§ Input data:

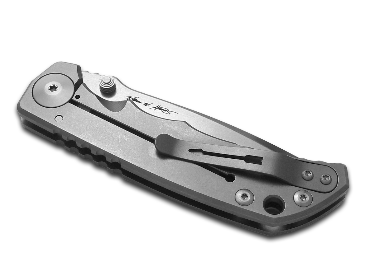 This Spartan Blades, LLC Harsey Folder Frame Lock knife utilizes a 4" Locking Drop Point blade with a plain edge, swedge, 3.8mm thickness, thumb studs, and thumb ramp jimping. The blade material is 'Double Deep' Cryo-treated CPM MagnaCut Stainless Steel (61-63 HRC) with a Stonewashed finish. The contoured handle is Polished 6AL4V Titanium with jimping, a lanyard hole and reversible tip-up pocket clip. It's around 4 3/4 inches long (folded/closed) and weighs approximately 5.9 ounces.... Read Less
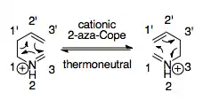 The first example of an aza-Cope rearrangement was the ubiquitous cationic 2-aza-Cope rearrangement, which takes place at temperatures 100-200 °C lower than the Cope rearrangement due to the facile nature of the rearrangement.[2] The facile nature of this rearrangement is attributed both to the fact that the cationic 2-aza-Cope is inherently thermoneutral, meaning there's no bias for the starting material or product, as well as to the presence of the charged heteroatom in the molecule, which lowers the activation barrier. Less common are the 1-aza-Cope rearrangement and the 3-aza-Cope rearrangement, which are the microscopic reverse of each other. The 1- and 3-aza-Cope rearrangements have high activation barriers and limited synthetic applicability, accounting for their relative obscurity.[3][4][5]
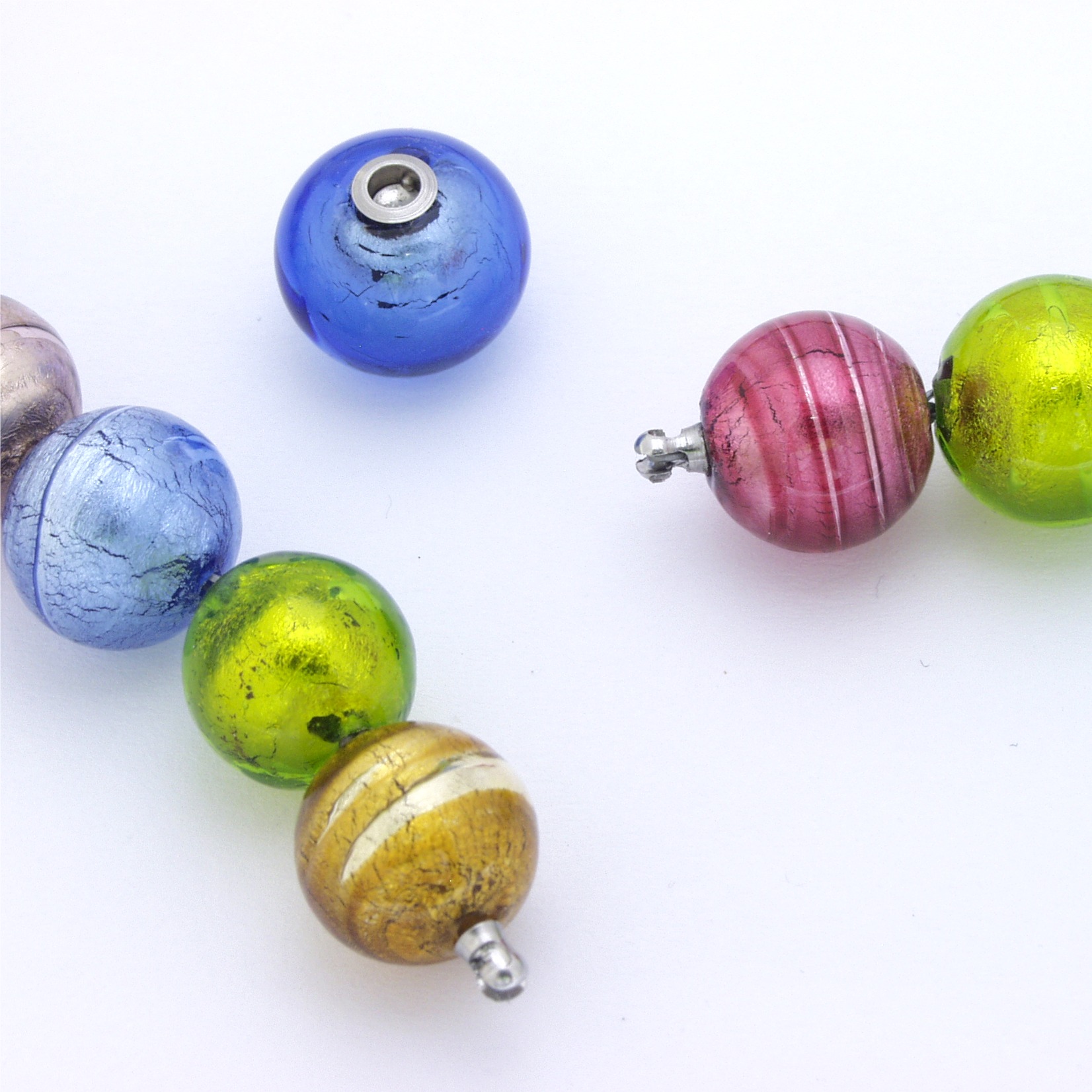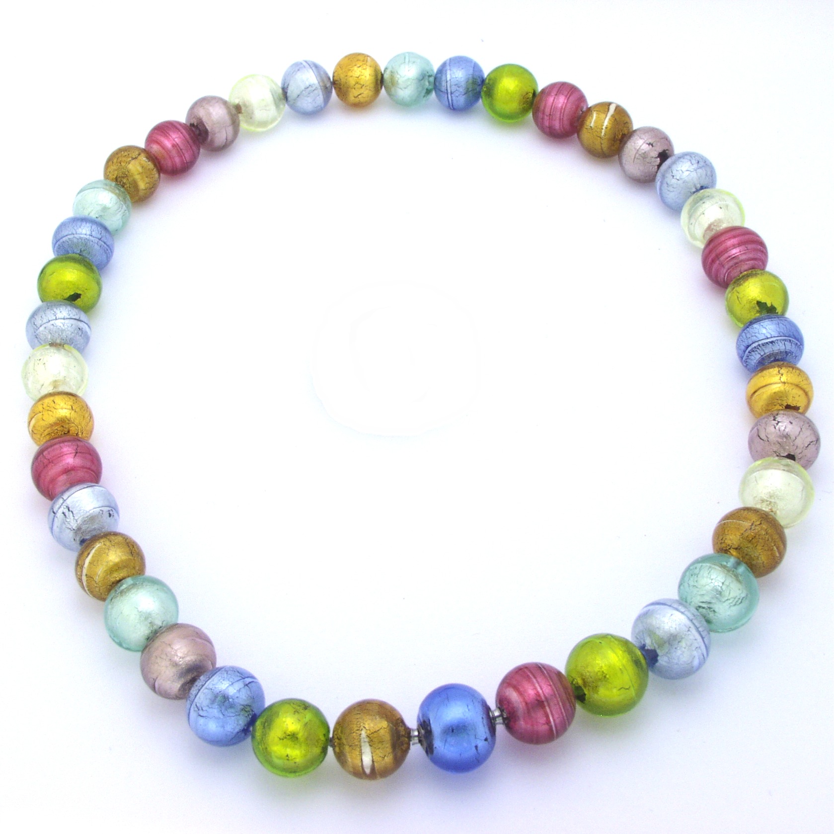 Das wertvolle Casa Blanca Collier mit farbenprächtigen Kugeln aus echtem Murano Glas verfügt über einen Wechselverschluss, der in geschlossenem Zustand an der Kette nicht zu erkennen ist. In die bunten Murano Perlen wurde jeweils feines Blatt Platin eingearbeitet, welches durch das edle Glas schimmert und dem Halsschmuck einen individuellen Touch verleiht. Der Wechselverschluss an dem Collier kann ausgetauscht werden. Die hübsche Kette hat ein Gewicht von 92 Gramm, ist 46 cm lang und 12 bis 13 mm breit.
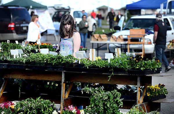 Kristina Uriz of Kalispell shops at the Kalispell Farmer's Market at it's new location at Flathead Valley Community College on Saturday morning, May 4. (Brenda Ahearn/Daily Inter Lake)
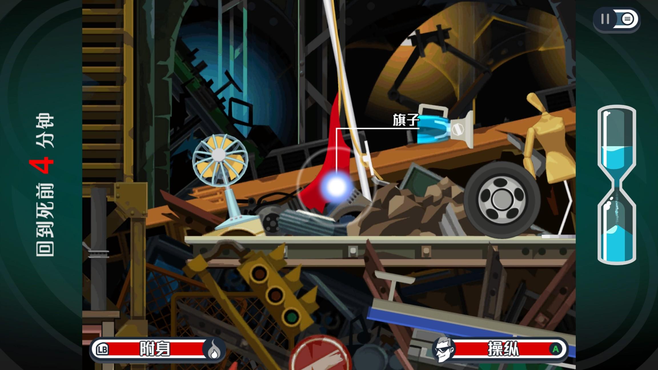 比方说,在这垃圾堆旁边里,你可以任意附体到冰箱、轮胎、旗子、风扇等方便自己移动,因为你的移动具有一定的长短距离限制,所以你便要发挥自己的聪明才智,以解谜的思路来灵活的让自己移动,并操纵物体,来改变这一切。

--

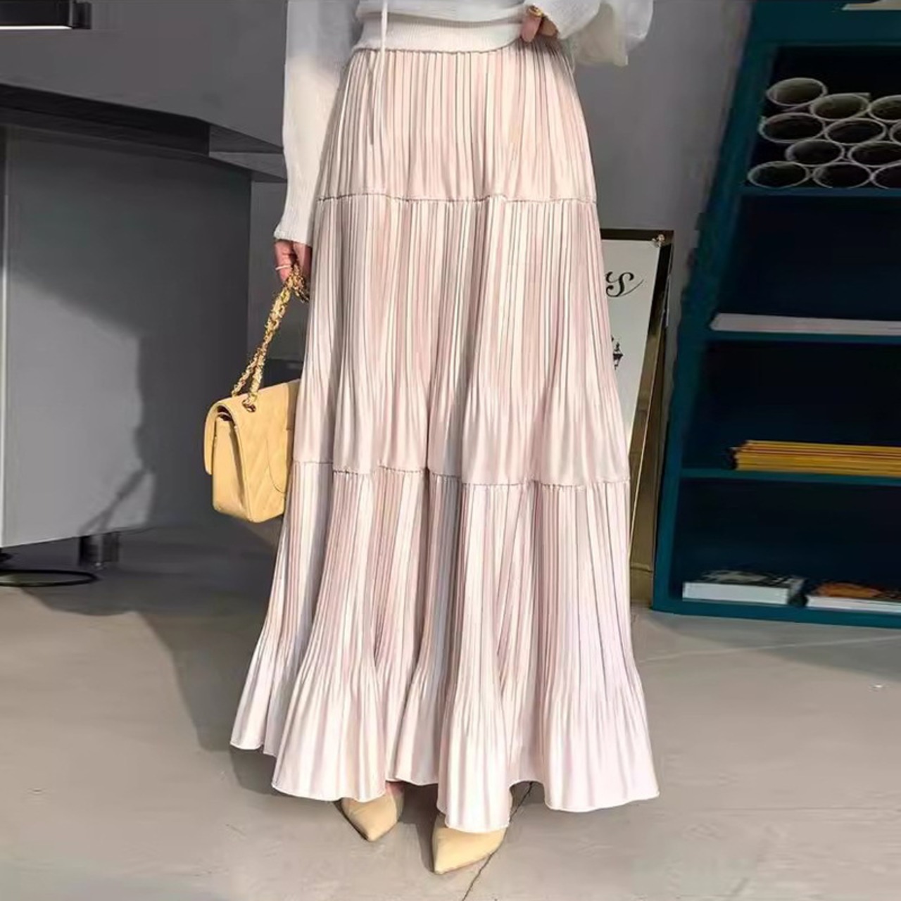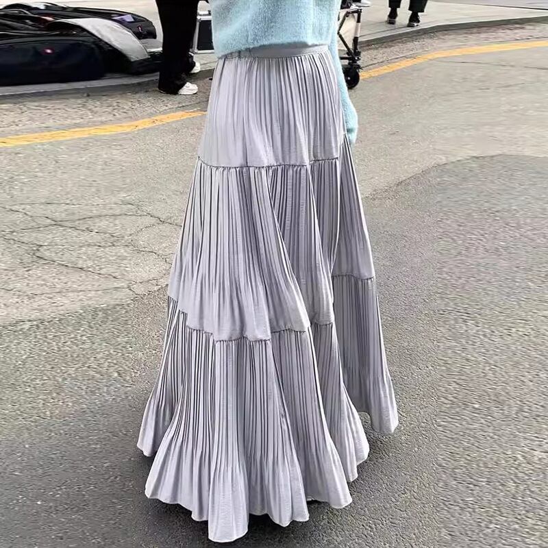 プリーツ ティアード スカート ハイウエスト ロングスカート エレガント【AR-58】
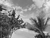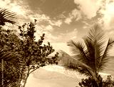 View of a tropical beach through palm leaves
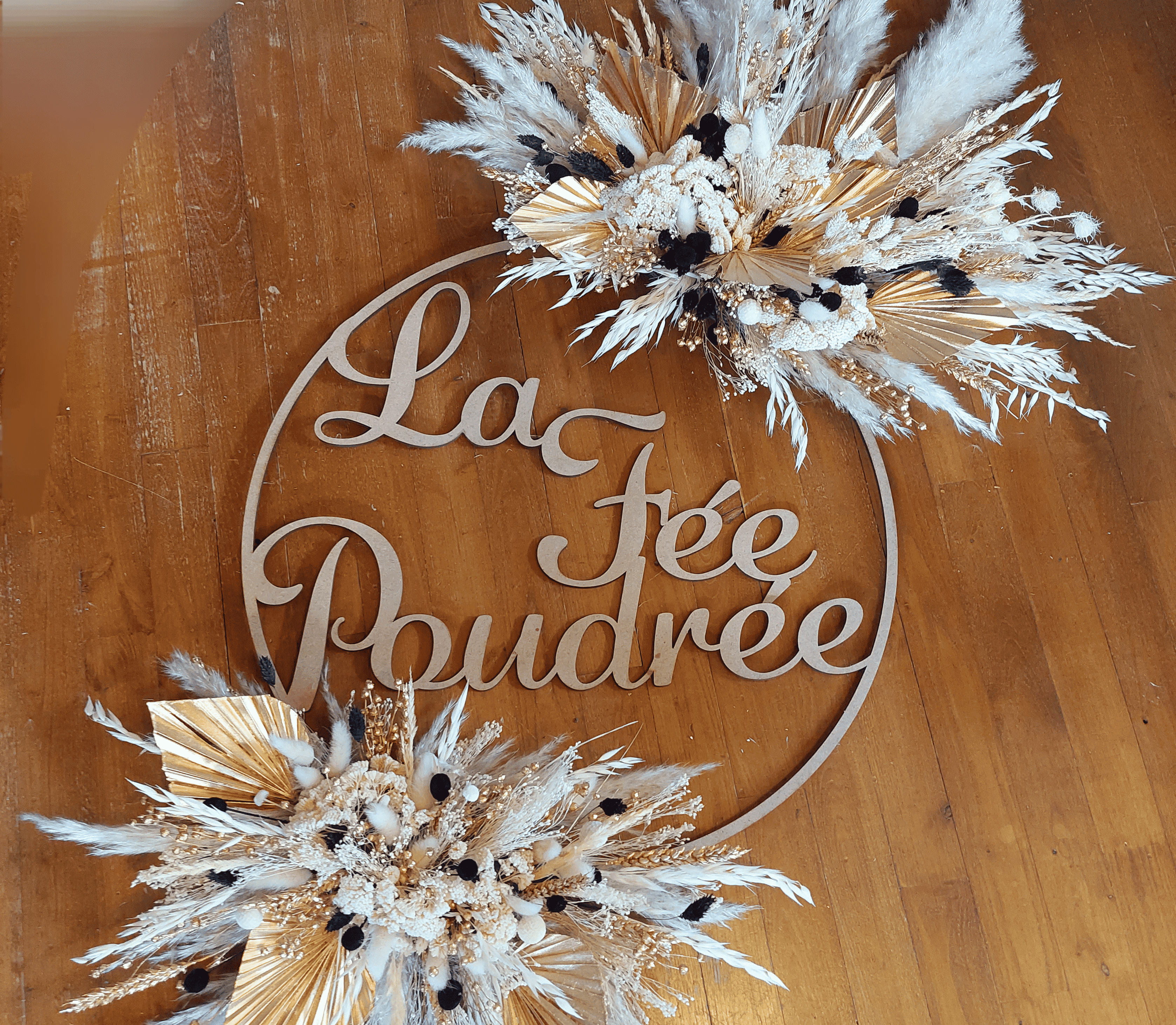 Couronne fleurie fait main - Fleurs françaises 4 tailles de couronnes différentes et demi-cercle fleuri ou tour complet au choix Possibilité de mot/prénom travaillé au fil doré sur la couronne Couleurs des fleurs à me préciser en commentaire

§ What you have to do: In the material above, the stretch from the line with "プリーツ ティアード スカート ハイウエスト ロングスカート エレガント【AR-58】" through the line with "Couronne fleurie fait" is to be given again exactly, minus the pictures.

§ Response:
 プリーツ ティアード スカート ハイウエスト ロングスカート エレガント【AR-58】
 View of a tropical beach through palm leaves
 Couronne fleurie fait main - Fleurs françaises 4 tailles de couronnes différentes et demi-cercle fleuri ou tour complet au choix Possibilité de mot/prénom travaillé au fil doré sur la couronne Couleurs des fleurs à me préciser en commentaire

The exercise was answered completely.